▸ **Directions for this task**:
Leave out the pictures and repeat exactly the lines from the one containing "ce voyage spatial." through the end of the records.

▸ **Available data**:
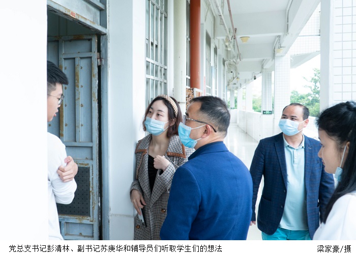 彭清林一行前往西区11栋,查看学生宿舍,并与同学们亲切交谈,详细了解他们生活、学习等情况。彭清林对同学们说,当前是疫情防控工作的关键时刻,线上学习对于师生来说都是一个挑战,同学们要听从各任课老师的线上教学安排,认真完成课程学习,另外还要自觉履行个人防护责任和措施,增强自我防范意识。
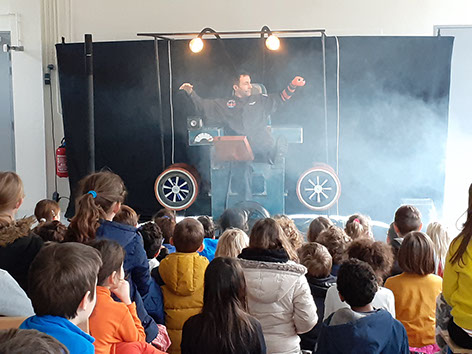 Avec sa "marionnette chaussette", le fameux Lombric Fourchu, il part explorer le monde de l’Economie Circulaire. Objectif : faire découvrir les ressources naturelles de la terre et sensibiliser à sa protection. 45 minutes de spectacle qui ont ravi les 500 élèves et leurs professeurs, enchantés par ce voyage spatial.
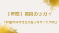 考察 【考察】『黄泉のツガイ』400年前なぜ”封”を持つ片割れは生き返らなかったのか? 黄泉のツガイに登場する伝説とされる力、”解”と”封”。その二つの力はそれぞれ朝と夜を分かつ時に生まれた運命の双子に授けられる。そして、運命の双子は一度死んで初めてその力を手に入れる。運命の双子として生を受けたアサとユル。アサは一度殺され”解... 2025.09.01 考察黄泉のツガイ
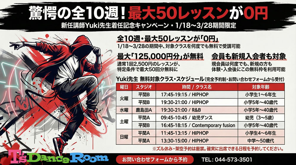 ★期間限定&事前予約制 Yuki先生クラス無料レッスン★
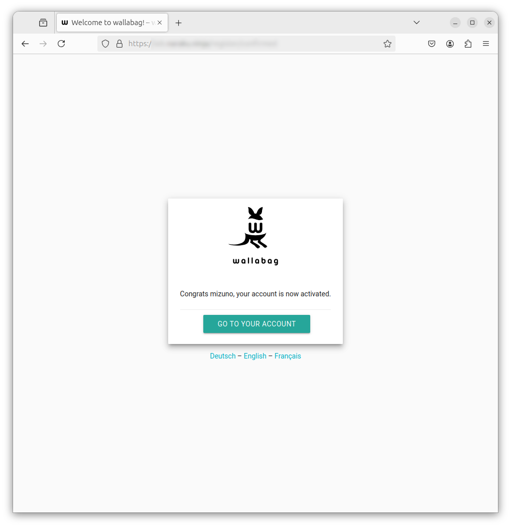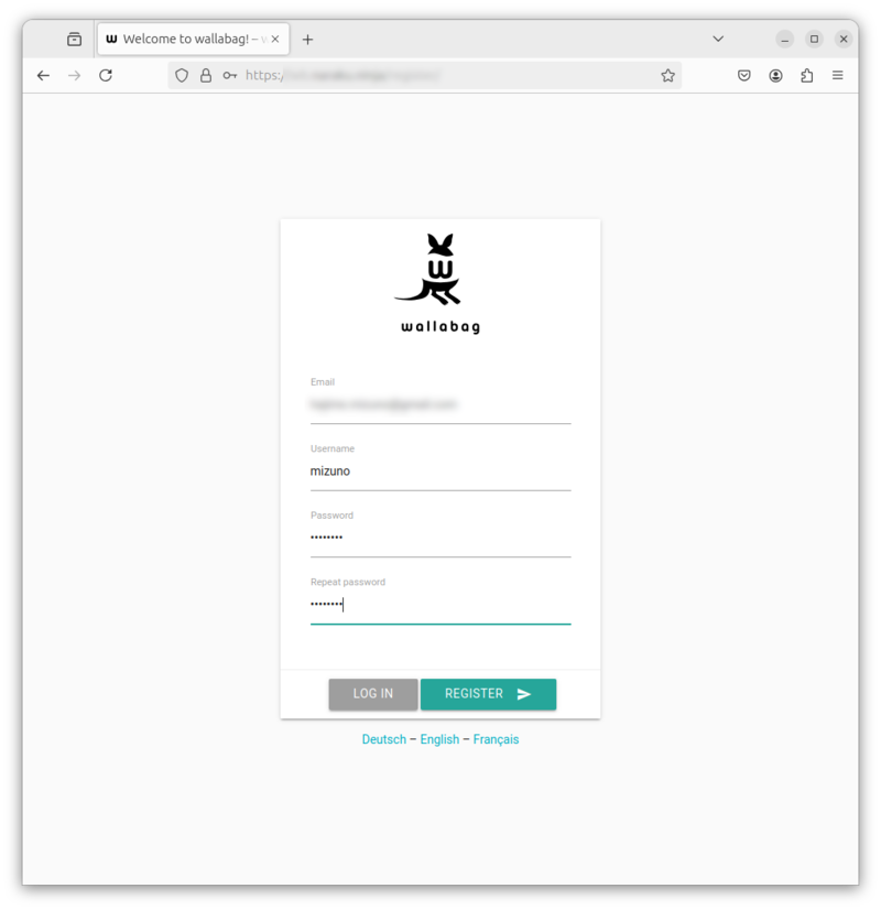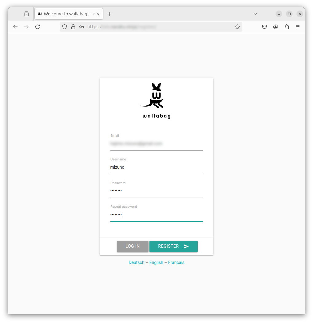 起動直後のWallabagにはアカウントが存在しません。まずはアカウントを作成しましょう。Wallabagのログイン画面で
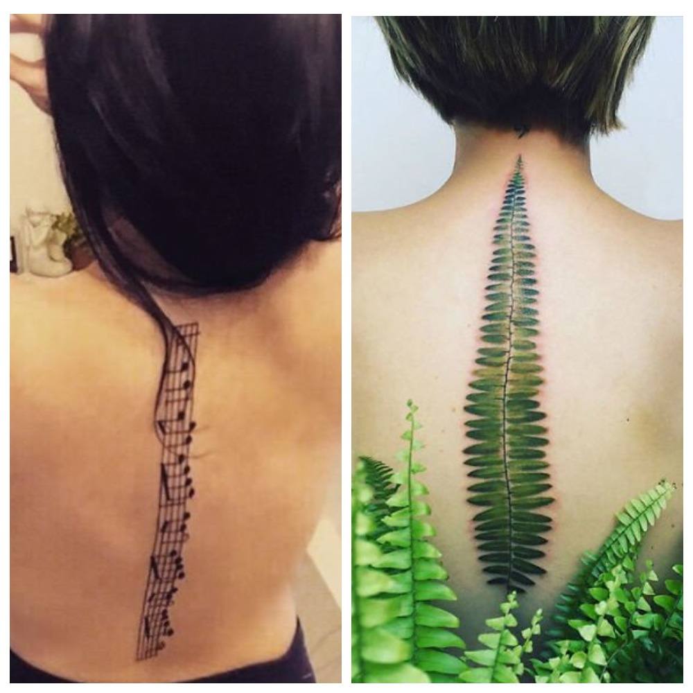 Lorsqu'ils choisissent un endroit pour appliquer un tatouage, ils prennent de plus en plus la décision de le représenter sur le dos. Et ce n’est pas une coïncidence, car sur cette partie du corps, vous pouvez dessiner à la fois des petits dessins et des images à grande échelle, car il y a des endroits où se promener. Très souvent, on peut voir à l'arrière des images spectaculaires, inhabituelles et intéressantes sous la forme de plantes situées sur toute la longueur de l'épine dorsale (épillets, conifères, feuillages, fleurs sauvages). Les aquarelles et les images géométriques sont très populaires, et il vaut la peine d'investir le caractère et l'ambiance du propriétaire. Par exemple, des tatouages tels que Peter Pan ou Alice, tombant d’une montagne de livres, l’esprit de la nature sous la forme d’une amulette personnelle, une araignée au centre du dos, descendant le long d’une toile d’araignée ou d’une éclipse phasée semblera très original.
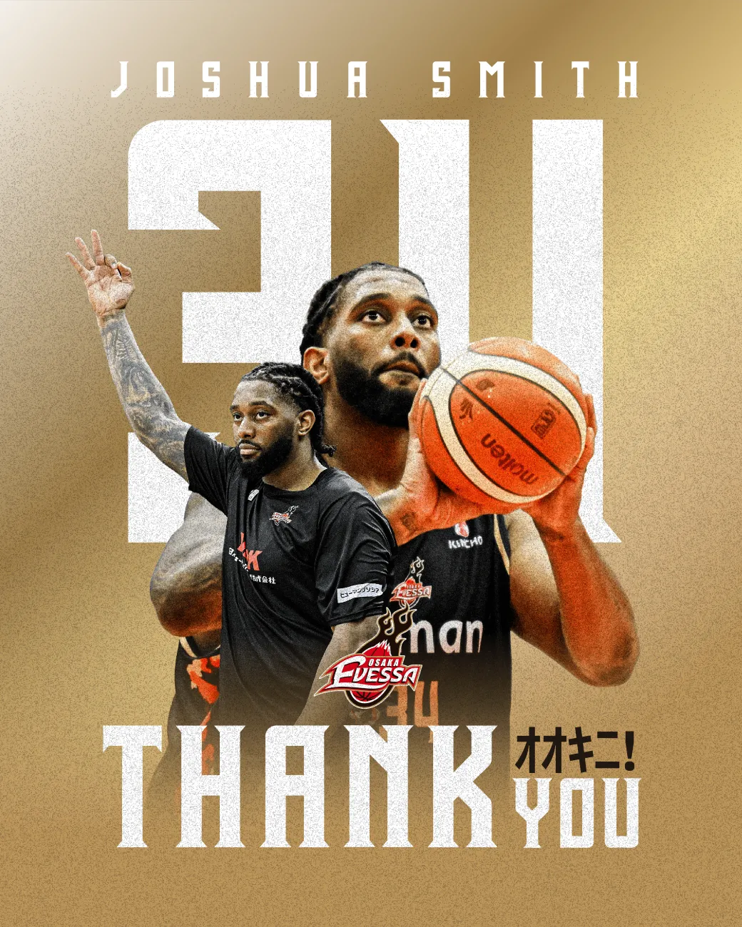 大阪エヴェッサにおける新たなスタートとともに、ジョシュア・スミス選手の今後の活躍を応援したいです。

▸ **Expected answer**:
 Avec sa "marionnette chaussette", le fameux Lombric Fourchu, il part explorer le monde de l’Economie Circulaire. Objectif : faire découvrir les ressources naturelles de la terre et sensibiliser à sa protection. 45 minutes de spectacle qui ont ravi les 500 élèves et leurs professeurs, enchantés par ce voyage spatial.
 考察 【考察】『黄泉のツガイ』400年前なぜ”封”を持つ片割れは生き返らなかったのか? 黄泉のツガイに登場する伝説とされる力、”解”と”封”。その二つの力はそれぞれ朝と夜を分かつ時に生まれた運命の双子に授けられる。そして、運命の双子は一度死んで初めてその力を手に入れる。運命の双子として生を受けたアサとユル。アサは一度殺され”解... 2025.09.01 考察黄泉のツガイ
 ★期間限定&事前予約制 Yuki先生クラス無料レッスン★
 起動直後のWallabagにはアカウントが存在しません。まずはアカウントを作成しましょう。Wallabagのログイン画面で
 Lorsqu'ils choisissent un endroit pour appliquer un tatouage, ils prennent de plus en plus la décision de le représenter sur le dos. Et ce n’est pas une coïncidence, car sur cette partie du corps, vous pouvez dessiner à la fois des petits dessins et des images à grande échelle, car il y a des endroits où se promener. Très souvent, on peut voir à l'arrière des images spectaculaires, inhabituelles et intéressantes sous la forme de plantes situées sur toute la longueur de l'épine dorsale (épillets, conifères, feuillages, fleurs sauvages). Les aquarelles et les images géométriques sont très populaires, et il vaut la peine d'investir le caractère et l'ambiance du propriétaire. Par exemple, des tatouages tels que Peter Pan ou Alice, tombant d’une montagne de livres, l’esprit de la nature sous la forme d’une amulette personnelle, une araignée au centre du dos, descendant le long d’une toile d’araignée ou d’une éclipse phasée semblera très original.
 大阪エヴェッサにおける新たなスタートとともに、ジョシュア・スミス選手の今後の活躍を応援したいです。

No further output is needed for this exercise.